---- DATA FOR REVIEW

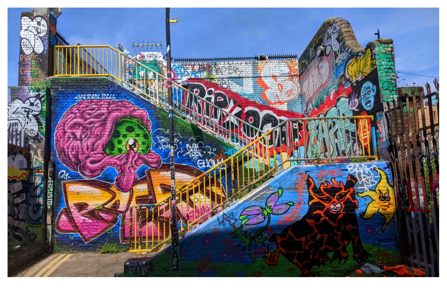
Above A railway crossing in East London (opinions please) Below Me in a desolate place on a sunny day (that's rare)
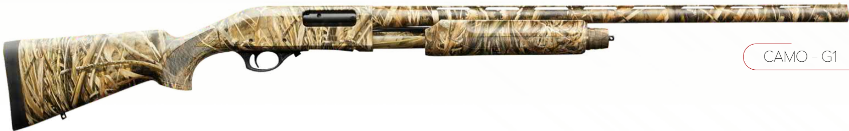
CAMO - G1
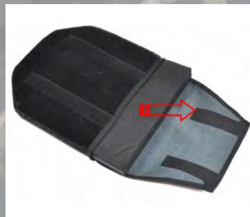
3) Pull out the cushion with cover.
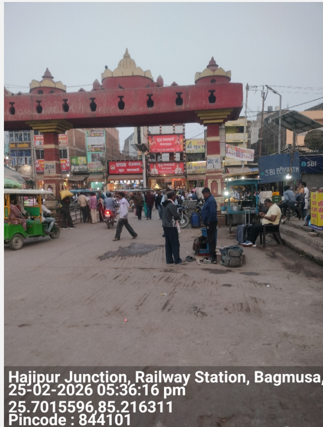
Hajipur Junction, Railway Station, Bagmusa, 25-02-2026 05:36:16 pm 25.7015596,85.216311 Pincode : 844101

Take Photo of Person Met Inside the Shop
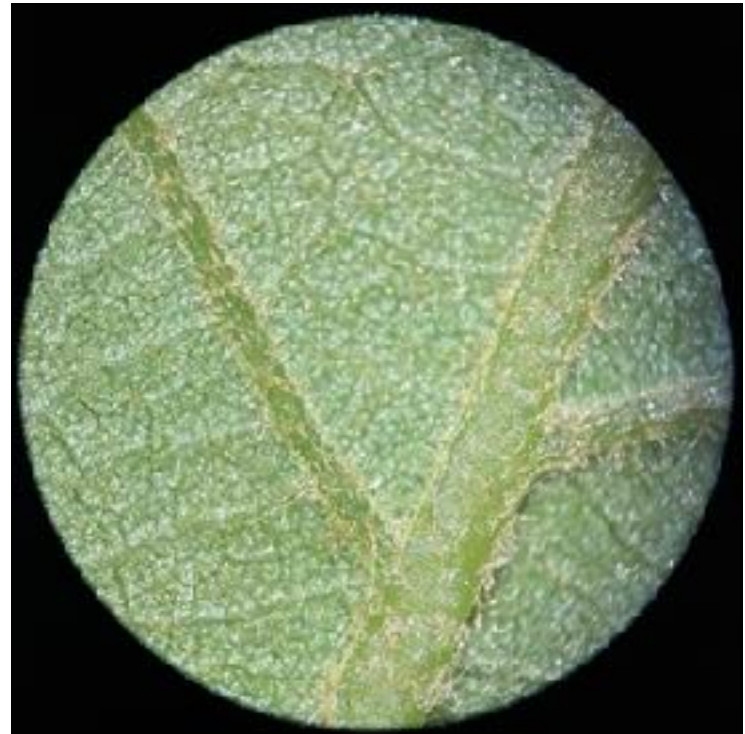
LEFT: A RARE CANOPY POST OAK; ABOVE: STELLATE HAIRS ON POST OAK LEAF UNDERSIDE.

Post Oak also develops distinctive cruciform leaves that are often compared to a Maltese Cross, though in my opinion, the shape more closely resembles that of an Orthodox Cross. The leaves are fairly stiff and leathery with 3-7 (though usually 5) lobes. The upper surfaces eventually develop a satin sheen with age, but the undersides remain densely pubescent with a mat of star-like hairs that give Post Oak its species epithet ('stellata' is Latin for 'star'). In Autumn, the leaves mostly turn brown, but many can be imbued with a reddish tint that is accentuated by their subtle sheen.
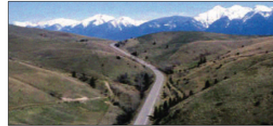
US Highway 93 through the Flathead Indian Reservation in Montana (IRR)
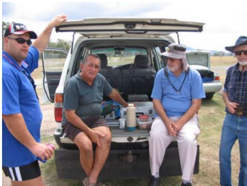
Laurie's Smoko Lounge (well patronised)
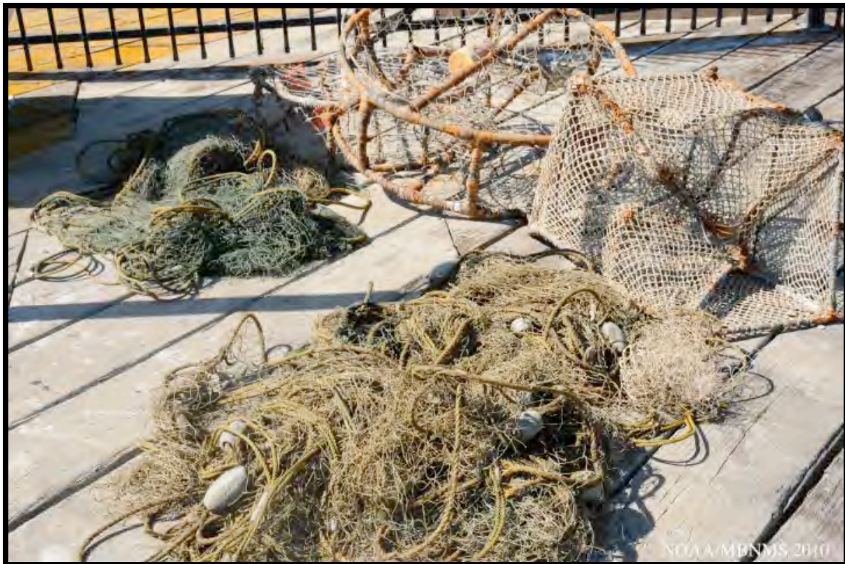
Two rockfish gill nets, two crab traps and a spot prawn trap laid out to dry on a dock.

The sanctuary funds this collaborative project through a federal settlement that focuses on mitigating impacts to benthic habitats, and a marine debris grant awarded to the UC Davis SeaDoc Society. Cordell Bank National Marine Sanctuary (CBNMS) provided the Phantom HD2 ROV and staff planning and mobilizing support. California Department of Fish and Game (CDFG) provided inkind, equipment support and deck support. California State University Monterey Bay (CSUMB) provided deck support and data analyses. Marine Advanced Technology Education (MATE) Center provided a volunteer intern for deck support. San Francisco State University, Romberg Tiburon Center provided a graduate student for specimen collection and study. Other key contributors included the F/V Donna Kathleen , Marine Applied Research and Exploration (MARE) and NMFS. A web page containing photos and a description of the project can be found at http://montereybay.noaa.gov/resourcepro/resmanissues/lostgear.html

--------

What lines of the preceding data include the string "with"? Pull them out.

*WORKED SOLUTION*.
3) Pull out the cushion with cover.
Post Oak also develops distinctive cruciform leaves that are often compared to a Maltese Cross, though in my opinion, the shape more closely resembles that of an Orthodox Cross. The leaves are fairly stiff and leathery with 3-7 (though usually 5) lobes. The upper surfaces eventually develop a satin sheen with age, but the undersides remain densely pubescent with a mat of star-like hairs that give Post Oak its species epithet ('stellata' is Latin for 'star'). In Autumn, the leaves mostly turn brown, but many can be imbued with a reddish tint that is accentuated by their subtle sheen.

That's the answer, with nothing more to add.